There's often a mealy mouthed feel about accusations, denials, court proceedings, judgements, fines, public disdain and moral high ground taken by litigants and public observers. The York-Sainsbury case is a fine example. Suppliers invent an alcohol boosted lemonade for grown-ups, (why not?) which can be taken as an inducement to under-age drinking. The reader can now spend 20 minutes arguing the rights and wrongs. But the point at issue is not alcopops. It is how to stop alcohol getting into the hands of the young. Sainsbury did its best. Staff training, rules, codes of practice, supervision, everything (well, nearly everything) was tried to enforce the system. However, the police and local off licensees, like everybody else, know that drinks are being sold unlawfully from some supermarkets.

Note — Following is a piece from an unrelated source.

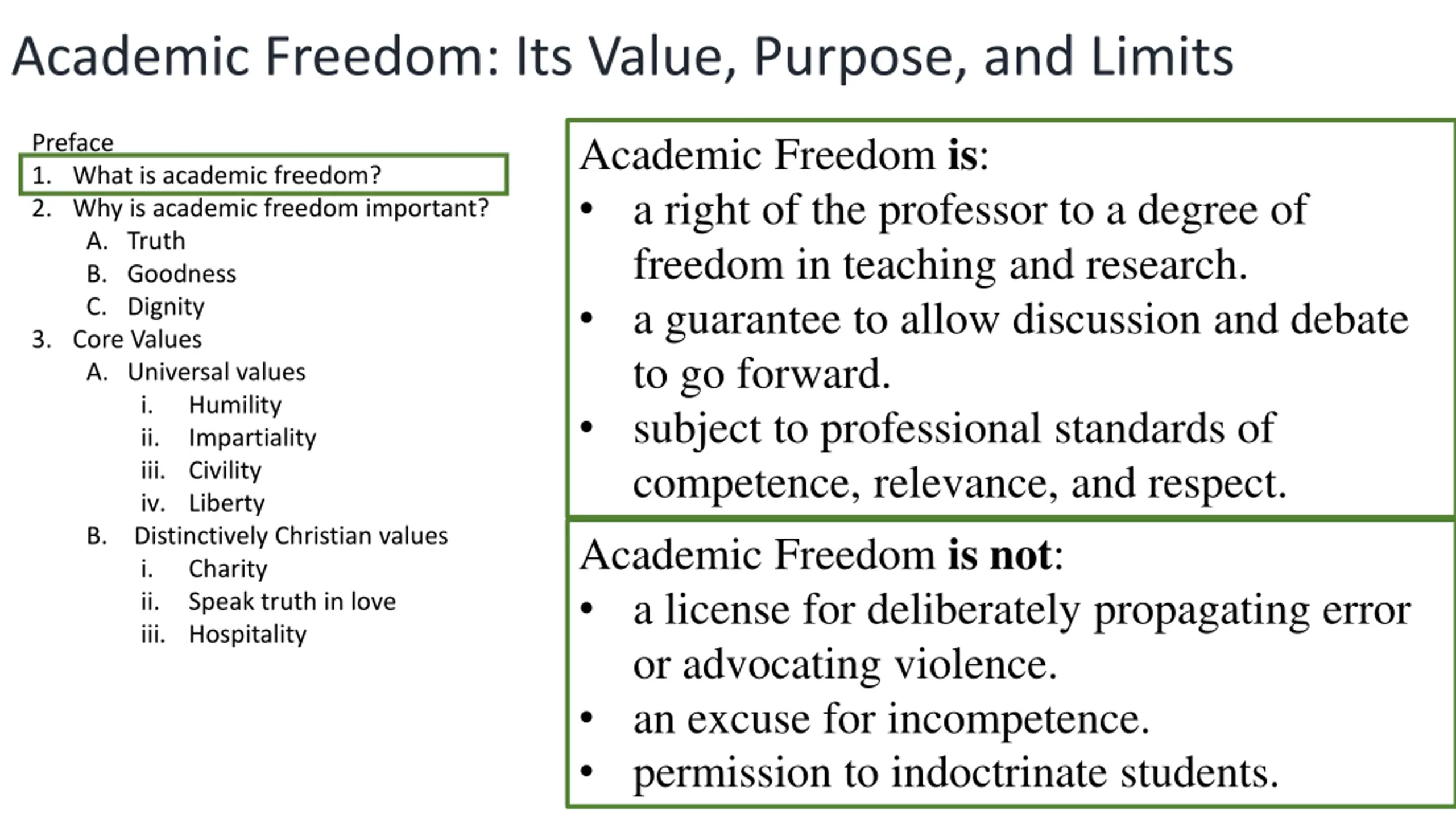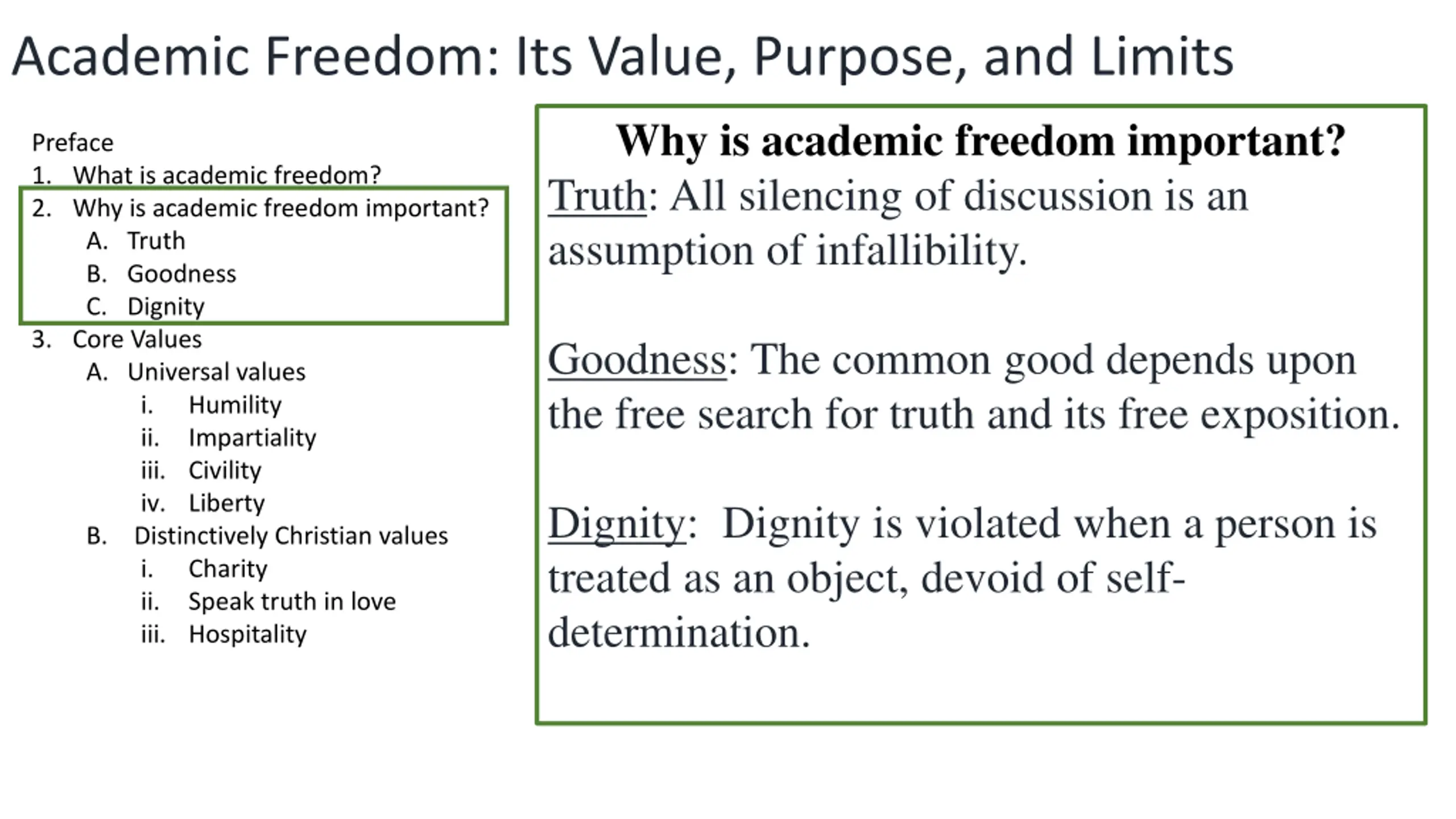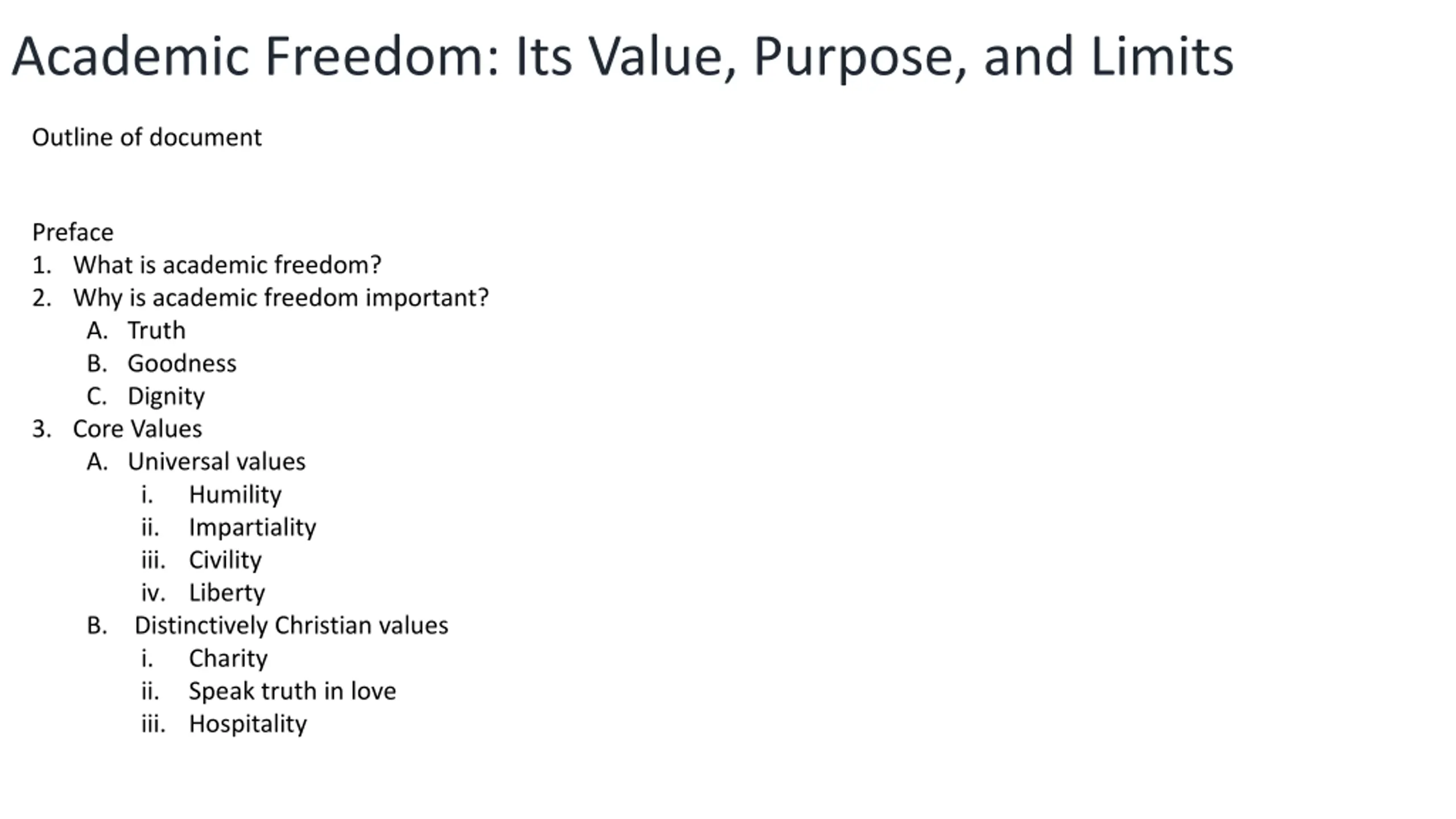 Academic Freedom: Its Value, Purpose, and Limits Outline of document Preface 1. What is academic freedom? 2. Why is academic freedom important? A. Truth B. Goodness C. Dignity 3. Core Values A. Universal values i. Humility ii. Impartiality iii. Civility iv. Liberty B. Distinctively Christian values i. Charity ii. Speak truth in love iii. Hospitality

The entrapment of JS, through children making purchases under police supervision may be justified, but it proves little. It, for example, does not prove that this branch sold alcohol to under-age customers, other than to those who made the police inspired purchases.
But it did throw up an interesting problem. If the checkout assistants are under-age, they might well be sympathetic to young people buying the demon drink. "Put the wine in a carrier bag, or I might lose my job!" Employing only over 18s at checkouts is a sweeping solution to stop a few sales.
Children are attracted to drink and have access to it in dozens of ways pubs, clubs, shops, grown-ups buying for them, bootlegging, theft ... to concentrate this massive problem into deliberate entrapment, a fine and a withdrawal of a trading licence in one store, may well appease moral hysteria, but it serves little purpose except one. The example will lead to fiercer supervision in shops.
There will be those who will ask why prevention was not thought appropriate. After one test purchase, could not the store have been warned? This often happens to drug takers.
Meanwhile, the argument for identity cards becomes ever stronger. Another 20 minute debate perhaps?